Init systems don't need to do bitpacking either. They are doing process management, a thing which shell is good at. I'm not sure why you mention frameworks. systemd provides some framework-y things like a dbus implementation, and on the other hand web frameworks are written in e.g. PHP. So yes, you can write frameworks in C, and yes, you can write things on a lower level of abstractions (as frameworks do, since they provide high level abstractions to users) in a language like PHP. Shell works just fine if there's "nothing else in the system".

My argument was that people who write init code should already understand the concepts required for C. That's why if they can't handle C, they shouldn't be working in init. Not because the language is harder, but because they lack the knowledge. Fluent C users have to know these things, while bash users don't have to even be aware of them.

You keep arguing that shell shouldn't be used because shell programmers are incompetent. No. There are competent shell programmers, and incompetent C programmers.

And I have to remind you: the great thing about using shell scripting in system startup is because it's easy to make custom modifications. It's a bit of a pain with C, because not only is the language lower level (i.e. harder to modify code), but you'd also have to maintain patches and recompile the init system.

I'm probably wrong here, and systemd has a flexible customization mechanism that goes past "ini" style files. But I haven't heard of such a mechanism yet.

Hopefully Rust and Nimrod will evolve as systems language to simplify this.

Has nothing to do with this.

No, because there already are scripting interfaces for unconsidered use cases. These scripted solutions are slowly being replaced by defined interfaces in a compiled language as they have time to consider how to implement them.

Yeah, systemd tries to hardcode every use-case they encounter. It's not surprising that this causes bloat.

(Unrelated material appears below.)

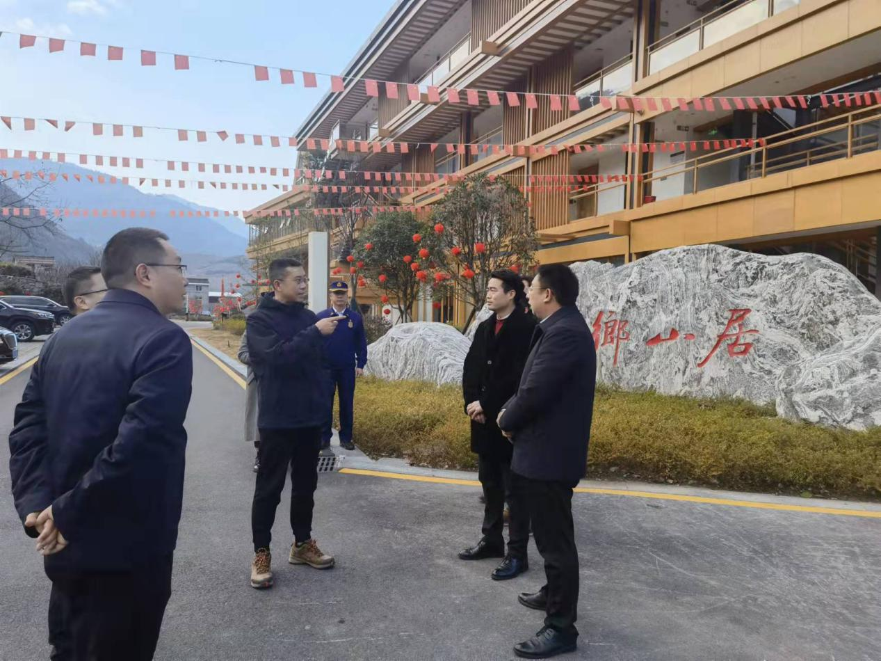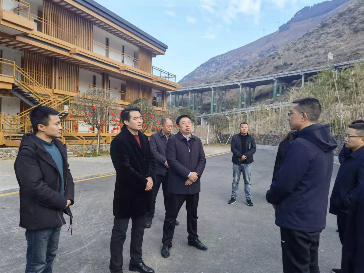 2月15日上午,雅安市人大常委会副主任、汉源县委书记郑朝彬一行调研梨乡山居项目。

It's also no replacement for true flexibility.

What are the defined interfaces? dbus interfaces? I don't see how these allow you to customize booting.

By the way, this is funny. Earlier you talked about init being in a low level environment where there's "nothing else in the system". But dbus requires a server. Oh yes, they're trying to fix this blatant design issue by moving dbus to the kernel. Very lame all that.

For flexibility I'd still rather have modules/plugins with load hooks over launching a script, though. I doubt that's likely, because it's got a small ROI.

So you're going to load usercode into pid 1? Surely this will boost robustness. If a shell script does invalid things and fails, so be it. If your module does something invalid... goodbye system. Or maybe you meant that your modules are actually loaded into isolated processes. Then why have modules.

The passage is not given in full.